What happens if I dispose carcasses incorrectly?
Improper carcass disposal can have significant impacts on environmental, human and animal health. Poor carcass disposal can result in contamination of soil, ground water and water ways. Access to poorly disposed carcasses can also allow for significant disease spread through scavengers, mosquitoes and vermin.
Animal owners and managers have a legal responsibility to ensure that disposal of carcasses does not adversely affect the environment. The NSW EPA has guidelines to minimise environmental contamination and should also be consulted for advice when considering options for disposal.

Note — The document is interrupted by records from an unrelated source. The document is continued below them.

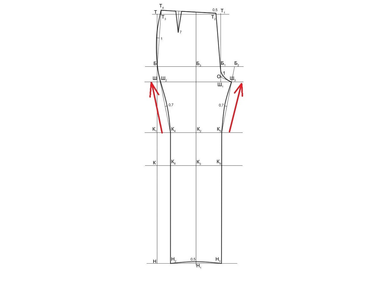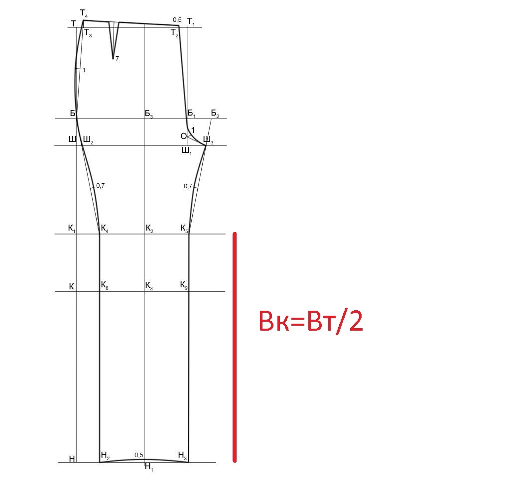 Линию колена нужно проводить через центр колена при построении узких брюк.
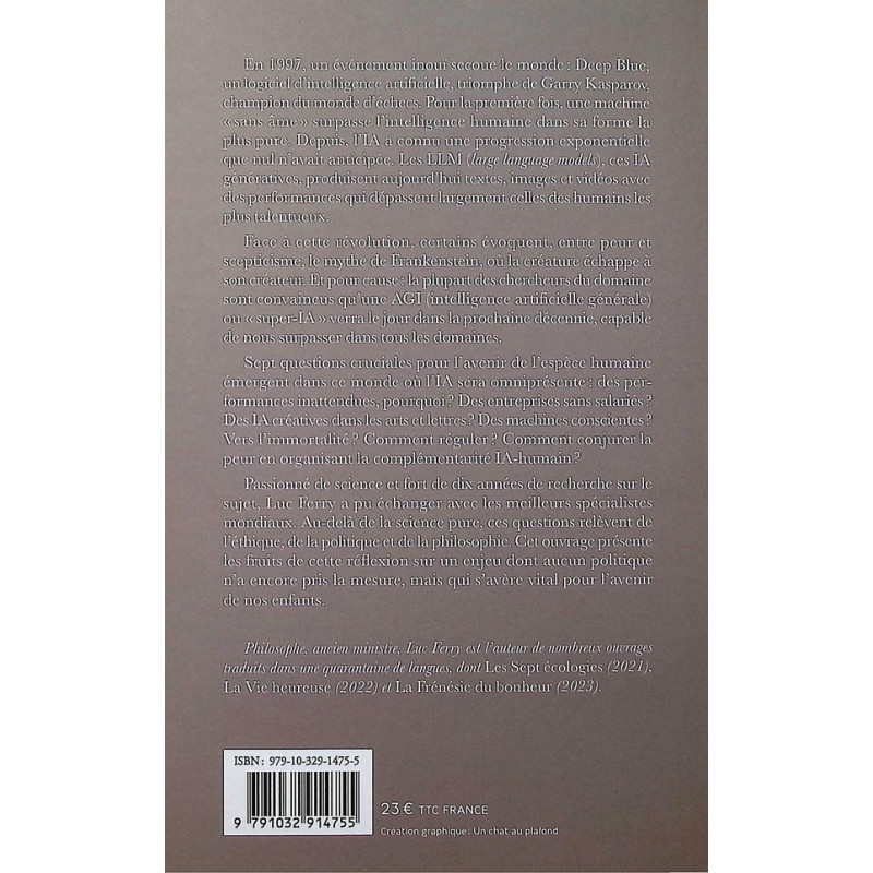 Face à cette révolution, certains évoquent, entre peur et scepticisme, le mythe de Frankenstein, où la créature échappe à son créateur. Et pour cause : la plupart des chercheurs du domaine sont convaincus qu'une AGI (intelligence artificielle générale) ou "super-IA" verra le jour dans la prochaine décennie, capable de nous surpasser dans tous les domaines. Sept questions cruciales pour l'avenir de l'espèce humaine émergent dans ce monde où l'IA sera omniprésente : des performances inattendues, pourquoi ? Des entreprises sans salariés ? Des IA créatives dans les arts et lettres ? Des machines conscientes ? Vers l'immortalité ? Comment réguler ? Comment conjurer la peur en organisant la complémentarité IA-humain ? Passionné de science et fort de dix années de recherche sur le sujet, Luc Ferry a pu échanger avec les meilleurs spécialistes mondiaux.
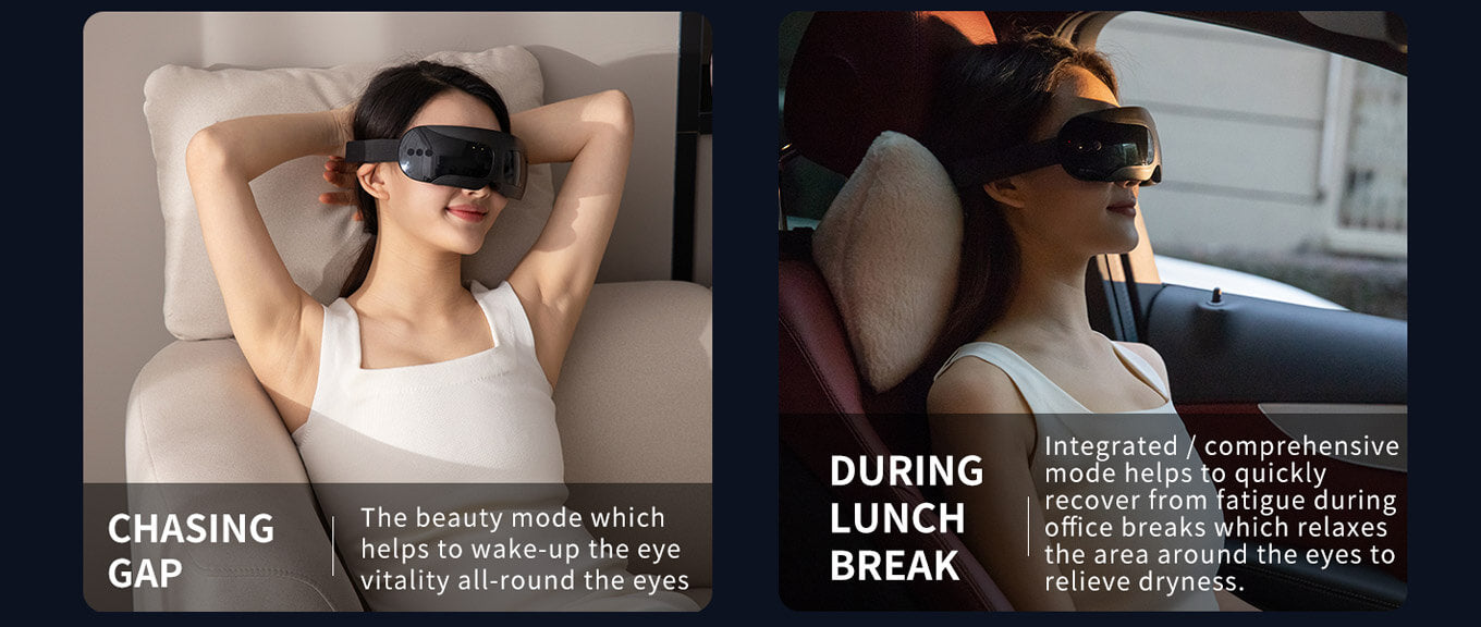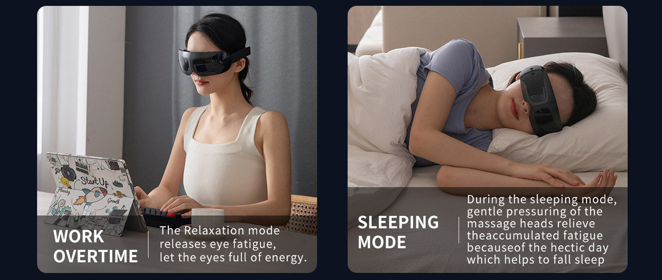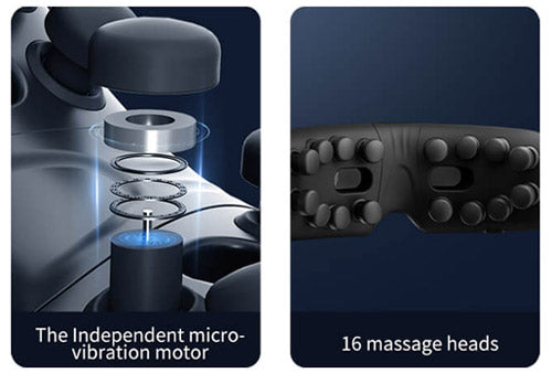 Each massage head are used independent micro-vibration motor, speed up to 10000 rpm 16 massage heads 3D wrap-around massage around the eyes, the vibration directly reaches the orbicularis oculi muscles, which will be quickly relaxing the eye muscles
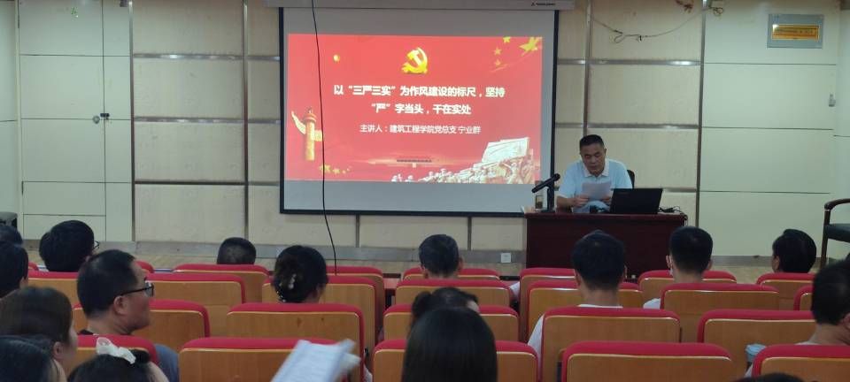 首先,宁业群根据本次学习的内容,结合当下的实际,从习近平总书记提出的“三严三实”的现实背景、“三严三实”的内涵和实质和践行“三严三实”健全作风建设长效机制等三个方面为全院党员干部上了《以“三严三实”为作风建设的标尺,坚持“严”字当头,干在实处 》主题党课。号召全院党员干部以“三严三实”为作风建设的标尺,坚持“严”字当头,干在实处,以良好的党风政风引领院风,凝心聚力对标职教本科找差距,深化改革积蓄正能量,为推进学院高质量发展奋勇争先。
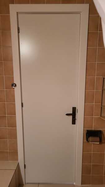 Otra cosa el el grosor del block... En baños se utilizan grosores mayores por el recrecido del azulejo de pared, lo que se denomina galce (galce 9, 12...) Mejor adquirir block de galce mayor para evitar una tapeta de ala tan larga. Pero esto no siempre es posible. Primero porque no toda las familias de puertas tienen galces variados, y segundo porque si el premarco es de 7cm, el galce debe ser de 7 para agarre de bisagras y la tapeta ala 40 para cubrir hasta el azulejo. Eso estaría bien hecho.
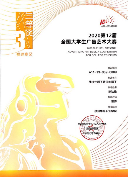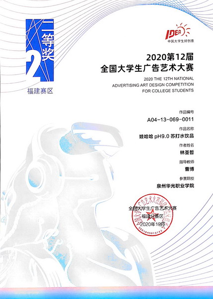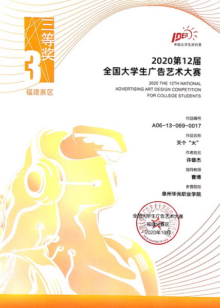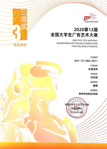 近日,福建省教育厅公布了第十四届福建省大学生学科技能竞赛获奖名单,其中我校参赛学子获得第十二届全国大学生广告艺术大赛福建赛区一等奖1项、二等奖1项,三等奖4项,优秀奖13项的优异成绩。
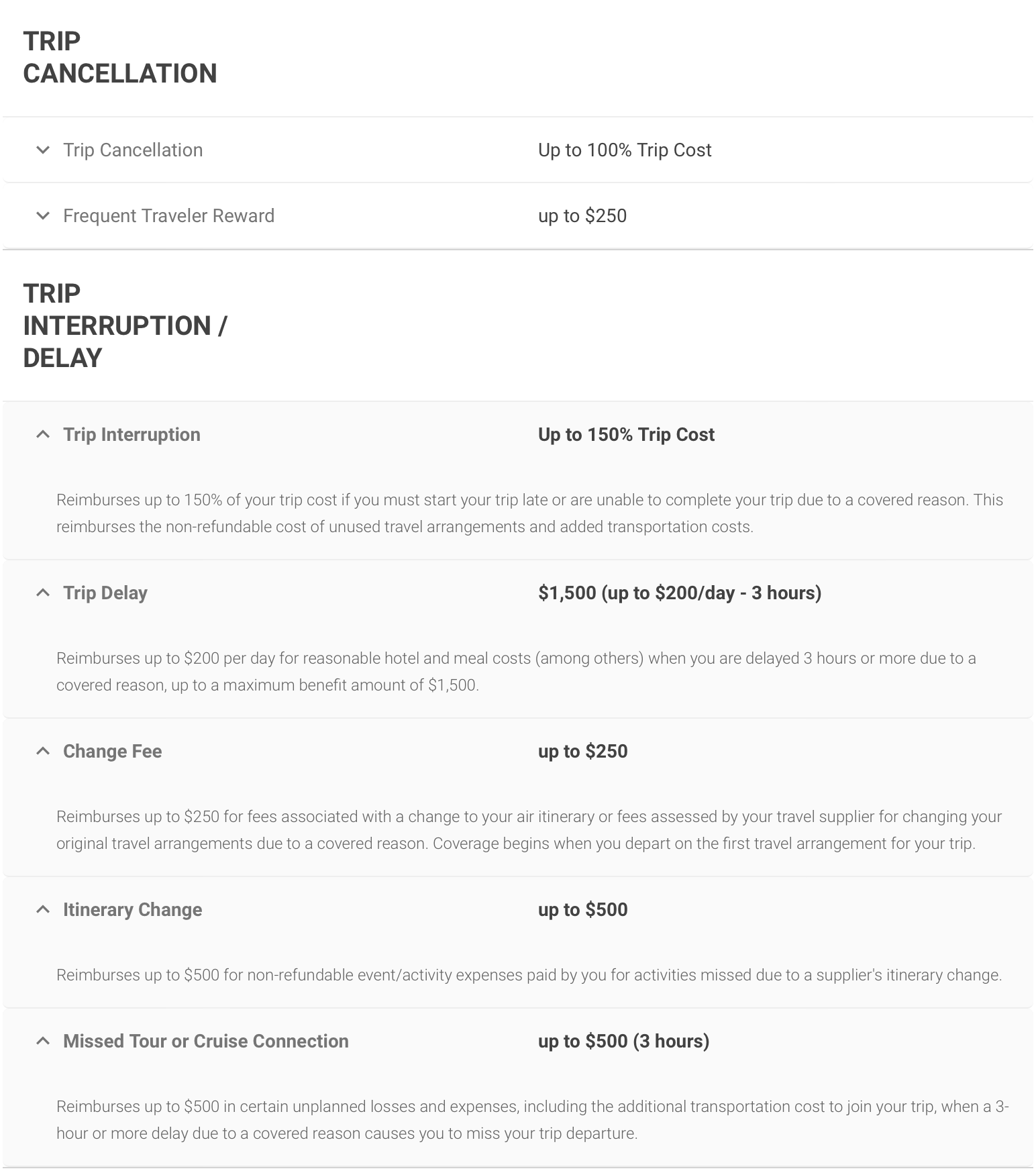 Trip Delay and Missed Tour or Cruise Connection coverage
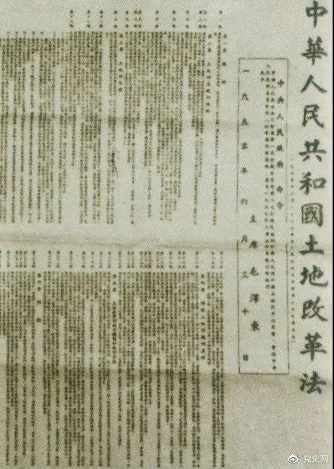 1950年6月30日,中央人民政府公布施行《中华人民共和国土地改革法》。
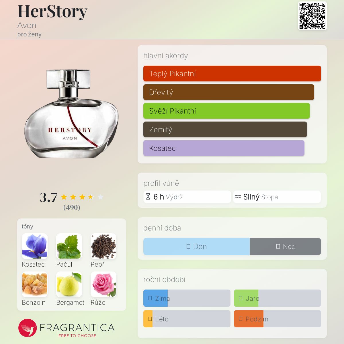 HerStory podle Avon je Orientální Floral vůně pro ženy. HerStory byl/a uveden/a v roce 2020. HerStory byl/a vytvořen/a Honorine Blanc a Adilson Rato. Vrchní tóny jsou Bourbonský pepř, Bergamot a Broskvový květ; střední tóny jsouKosatec, Růže a Slaměnka ; základní tóny jsou Pačuli, Benzoin a Vetiver.
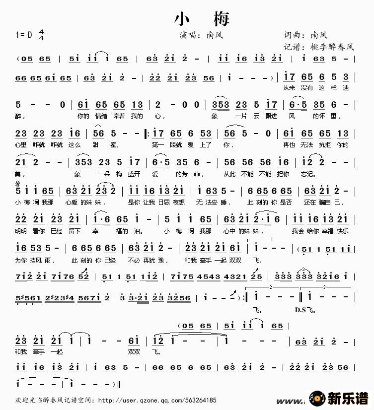 《小梅》简谱 南风-桃李醉春风制谱
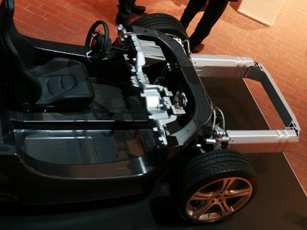 Das Chassis an sich ist eine Carbon-Monocell, die rund um die Besatzung geplant wurde. Hinten schließt sich der Motorrahmen an, an dem auch die Hinterradaufhängung angebracht ist. Vorn ist die Crashstruktur angeschraubt. Alles ist auf Leichtgewicht aufgebaut und so verwundern auch minimale Details nicht: Im Armaturenträger findet man einen McLaren-Schriftzug, der ursprünglich erhaben geplant war. Durch Simulation am PC konnte man jedoch herausfinden, dass man mit einem eingravierten Schriftzug rund 200 Gramm Gewicht problemlos einsparen kann. Klingt wenig, macht aber in Summe mit vielen weiteren Details den Unterschied. Immerhin wiegt der McLaren MP4-12C trocken nur 1.300 Kilogramm.
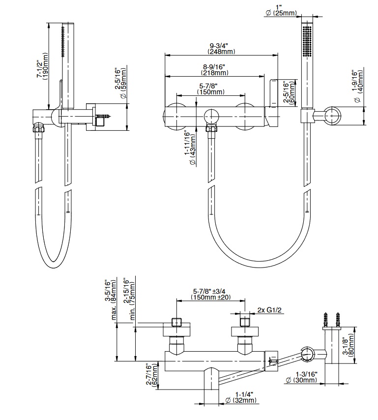 Charakterystyka: z zestawem prysznicowym z uchwytem ściennym
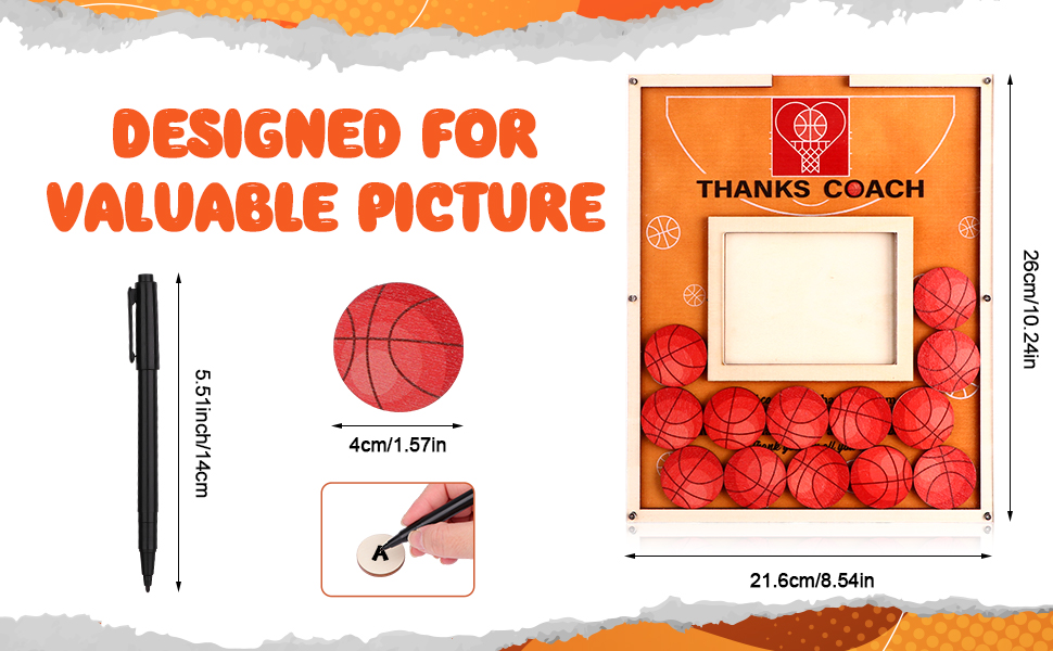 Unique Design: The frame is 8” X 10” and holds a single 3” X 3.9” photo. Add a personal touch by signing on the 13 basketball chips included in our coach gift set; The creative design and warm words make it an ideal basketball thank you gift that will always remind your coach of your gratitude
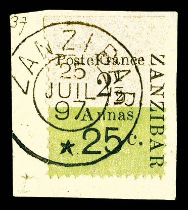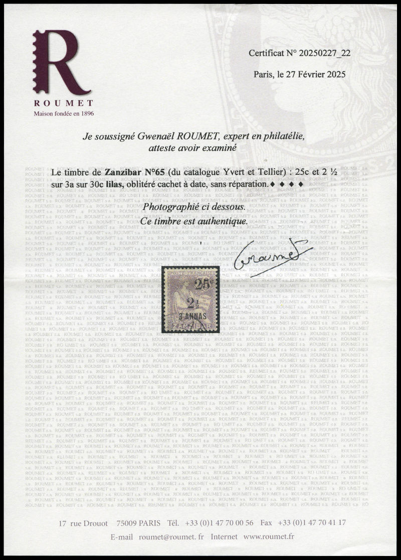 4241 imageN°65, 25c et 2 1/2 sur 3 annas sur 30c. SUPERBE. R.R. (signé Calves/certificats) Qualité: Oblitéré Cote: 3050 euros (Image) (image2) (image3) (All Images)
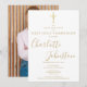 Elegante invitación de Primera Comunión con firma dorada para guardar la fecha, que presenta una elegante firma con nombre en escritura dorada y una foto especial en el reverso. Personalice con la información de su evento especial en letras doradas elegantes en este diseño neutral en cuanto al género. Diseñado por Thisisnotme©
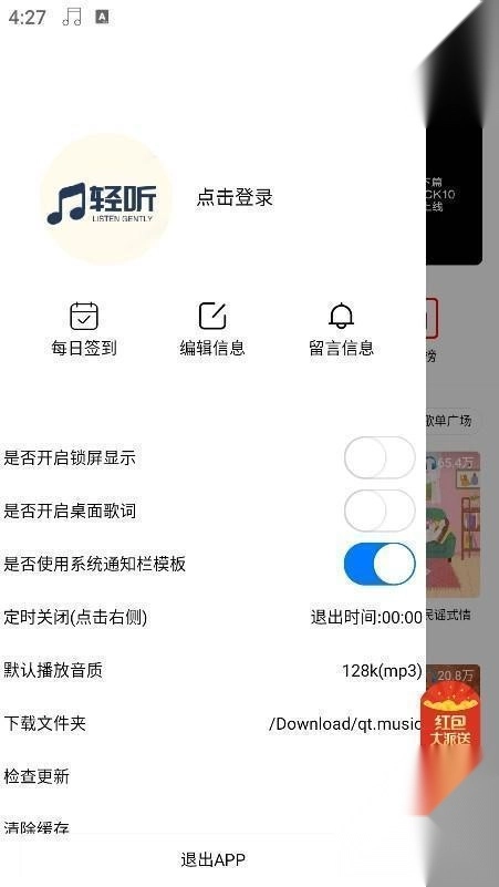 4、点击左上角的功能栏,我们可以设定锁屏显示、桌面歌词、定时关闭、播放音质选择、文件夹选择等功能。

When should I dispose carcasses?
Carcass disposal should occur as soon as possible after the animal has died. Careful planning and management of disposal is important to ensure the safety of the community, other stock, the environment and to minimise the risk of disease spread.
Assistance with carcass disposal
You can register for assistance with the Agriculture and Animal Services hotline on 1800 814 647 if you need assistance with carcass disposal.
AASFA can assist with the removal and disposal of livestock from public and private land. These can then be disposed of at local waste management facilities, etc.